A live show is harder to ignore, something to stand out in the crowded Christmas TV market. After all, ‘people love a bit of jeopardy’. Not my words, but a typically self-referential line from Mack’s character Lee, setting up the premise that he and wife Lucy (Sally Bretton) were organising a school variety show.
It’s a good set-up for stunts to play with the live format: Lee juggling eggs, grappling with a tongue-twister and throwing knives. Or, just as impressively, Hugh Dennis and Abigail Cruttenden’s characters Toby and Anna singing Tom Lehrer’s The Elements – the periodic table set to a very brisk Gilbert and Sullivan tune – with the added complications of altered lyrics and recited while having an argument.
For all the aforementioned jeopardy, it was all executed very well.
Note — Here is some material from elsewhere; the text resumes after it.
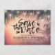 Ahorre las plantillas de la postal de la invitación de la boda de la fecha - las luces y las palmeras elegantes de la secuencia de la boda de playa del verano.

Perhaps a little too well to make the most of its ‘liveness’. Bretton fluffed a line early doors, but even that seemed intentional, allowing Mack to quip off the back of it. But other than a boom mic drifting into shot at one point and the odd ill-framed camera shot, you would think it was recorded.
So the joke was about knowing references to the show being live rather than making the audience feel the adrenaline. Contributing to that was not making the studio audience part of the show, despite Lee’s vast experience with a live crowd. Perhaps producers felt Mrs Brown’s Boys had got there first by putting the punters in shot, but it made a lot of Not Going Out’s laughs feel canned.
Was it really funny that prop-makers spoofed up a newspaper with an actual headline from the week about Jeremy Corbyn’s Commons mutterings? Yet it got a huge laugh. Thankfully the gag it was telegraphing was actually funny. You don’t want for gags in an episode of this sitcom, even if some are predictable. Two minutes to kill? Lucy suggests sex. ‘What twice?’ is the obvious response.
But to quote another of Lee’s knowing lines from the script: ‘You can get away with anything in a Christmas show’
A live version of Not Going Out was never going to be as inventive as Inside No 9 doing the same – real-time tweets, big plot twists and all. But true to form, it’s was safely, but not excitingly, funny.